Just 14% of projects use a fully linked network/schedule to manage time, and only 2% use an independent reviewer to check viability.

Of those interviewed, 47% felt the standard of training is sub-standard, and 57% feel there should be better education.

We looked at this century’s six most high-profile troubled projects and ranked them according to cost and time overruns. Can we learn from them?

Number 6: Wembley National Stadium, UK

Relatively modest cost overrun, but phenomenal legal bills (Source: Hill International)

  • Commenced: 2002
  • Planned Completion: Early 2006
  • Opened: March 2007
  • Delay: 1 year
  • Planned Cost: £757m
  • Final Cost (approx.): £1bn
  • Increased cost: 32%

In 2007, the Wembley stadium project in the UK notoriously saw £1m spent on photocopying alone, during a lengthy and complicated dispute relating to issues including the roof design, the famous arch, and ground works.

By going to court and winning their claim, the contractor Multiplex lost £2m – a cost that ultimately was blamed for the sale of this previously successful 43-year-old company.

At first glance, this might not seem like too much of a failure – with a cost increase of just 32% (in part down to procurement route).
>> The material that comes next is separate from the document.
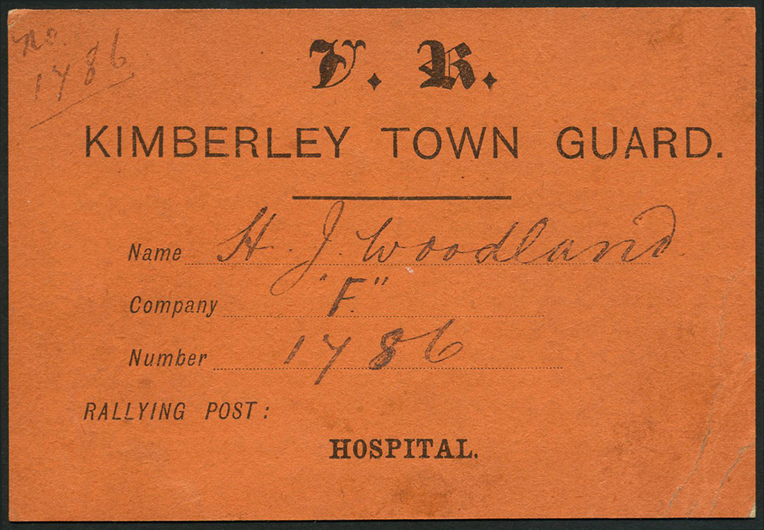 Siege of Kimberley, town guard Hospital rallying post ticket, ND (1899-1900), serial number 1786, black on orange card, manuscript signature, with a certificate of Discharge issued to J. Lonie 25 February 1900, black on beige card

But the cost in legal bills was phenomenal – Multiplex’s costs on a sub-trial alone (dealing with only a few of the issues at dispute) were quoted as being £45m.

UK newspaper The Telegraph commented in 2007: "The Wembley hangover has dogged Multiplex and seen the company struggling to restore its reputation just three years after it was listed in Australia."
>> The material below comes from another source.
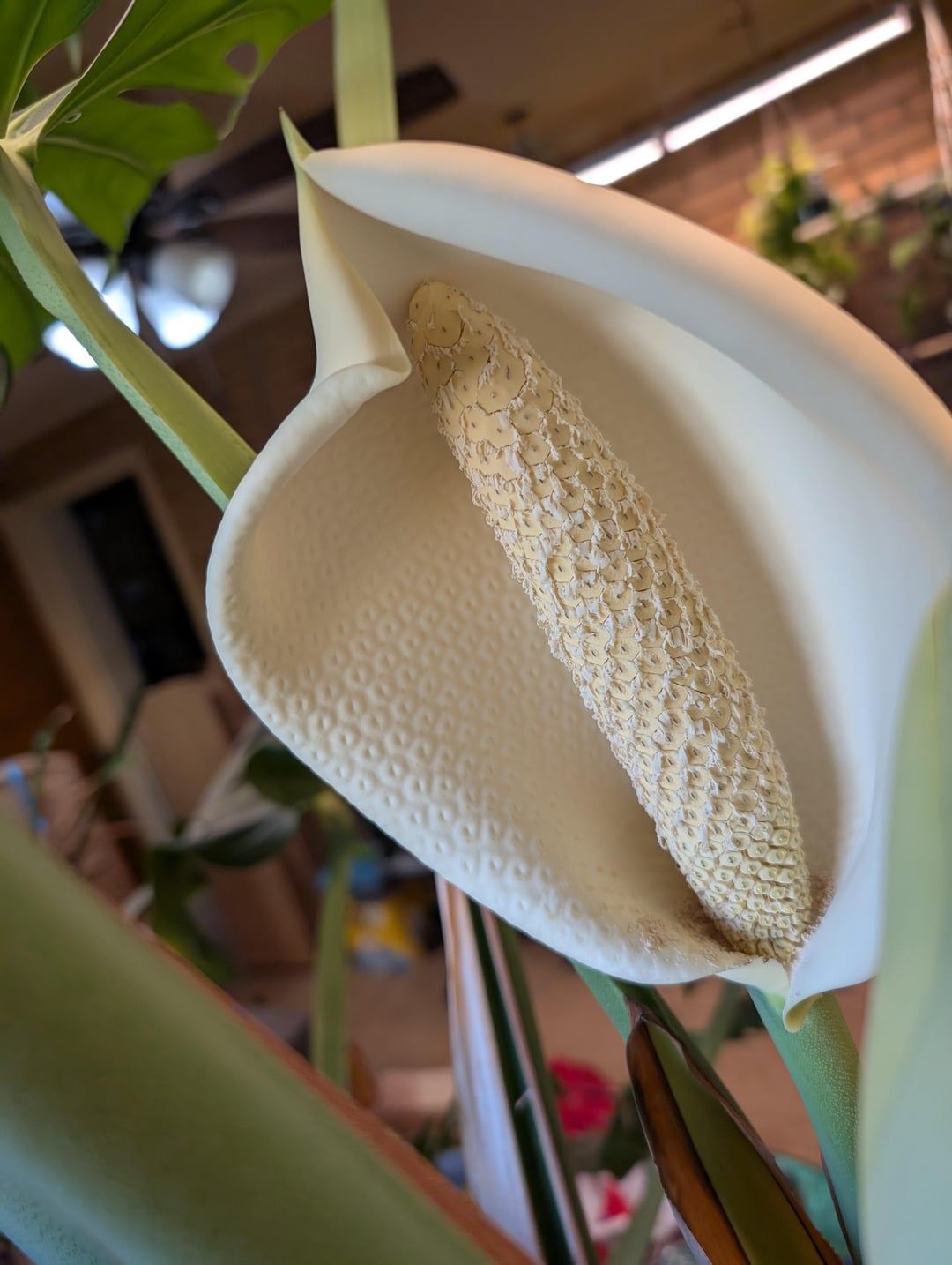 The fruit is the cone in the middle. The white outer leaf will turn brown and fall off. The cone will turn green and ripen slowly. Mines been green for over a year now. The little segments will start to come loose and it will smell like tropical fruit when it’s ripe. Enjoy.

Number 5: Gorgon LNG Plant, Western Australia

Chevron’s Gorgon liquefied natural gas (LNG) plant is under construction on Barrow Island, 60km off the northwest coast of Western Australia (Source: Chevron)

  • Commenced: 2009
  • Planned Completion: 2014
  • Completed: Ongoing – First production estimated late 2015
  • Delay: Estimated 18 months
  • Planned Cost: US$37bn
  • Final Cost: Estimated US$54bn
  • Increased Cost: 45%

Project trouble is no respecter of geography. Even 60km off the coast of Western Australia, with nothing but wildlife in the way (around 1,500 animals are reported to have been accidentally killed), megaprojects suffer delay and cost escalation.
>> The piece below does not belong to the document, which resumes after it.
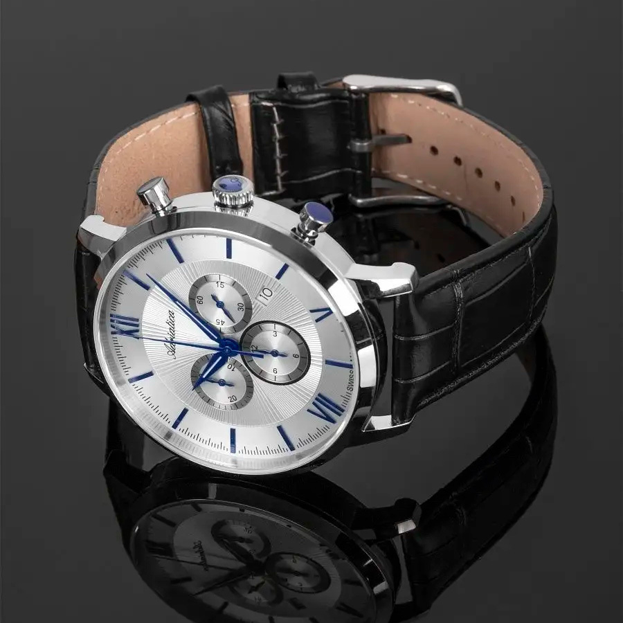 Функции: Центральные часовая и минутная стрелки, секундная стрелка вынесена на отдельный циферблат. Дата. Хронограф.

The Gorgon project is set to deliver 15 million tonnes of liquefied natural gas (LNG) per year at its peak, and production is estimated to last until 2074. But, the project is currently at least a year behind schedule and is estimated already to be $17bn over budget.

Again, it’s known that there are disputes with hefty legal bills, but details are not made public. Gorgon’s remoteness may be part of the problem: last month workers negotiated more time for home leave and a 5% pay rise.

In 2014, Ernst & Young found that 64% of oil and gas projects face cost overruns, and 73% are behind schedule – an estimated increase in costs of US$500bn across 205 projects.

Number 4: Dubai Metro, UAE

Panama chose the cheaper quote, but paid the price (Source: Hill International)

  • Commenced: May 2005
  • Planned Completion: September 2009
  • Completed: March 2014 (final stations – line opened Sep 09)
  • Delay: 5 years
  • Planned Cost: $4.2bn
  • Final Cost (approx.) $7.8bn
  • Increased cost: 85%

The Dubai Metro was subject to a raft of disputes. Several billion dollars were rumoured to be at stake in the various arguments arising out of the light rail project designed to relieve some of the congestion in the rapidly expanding emirate.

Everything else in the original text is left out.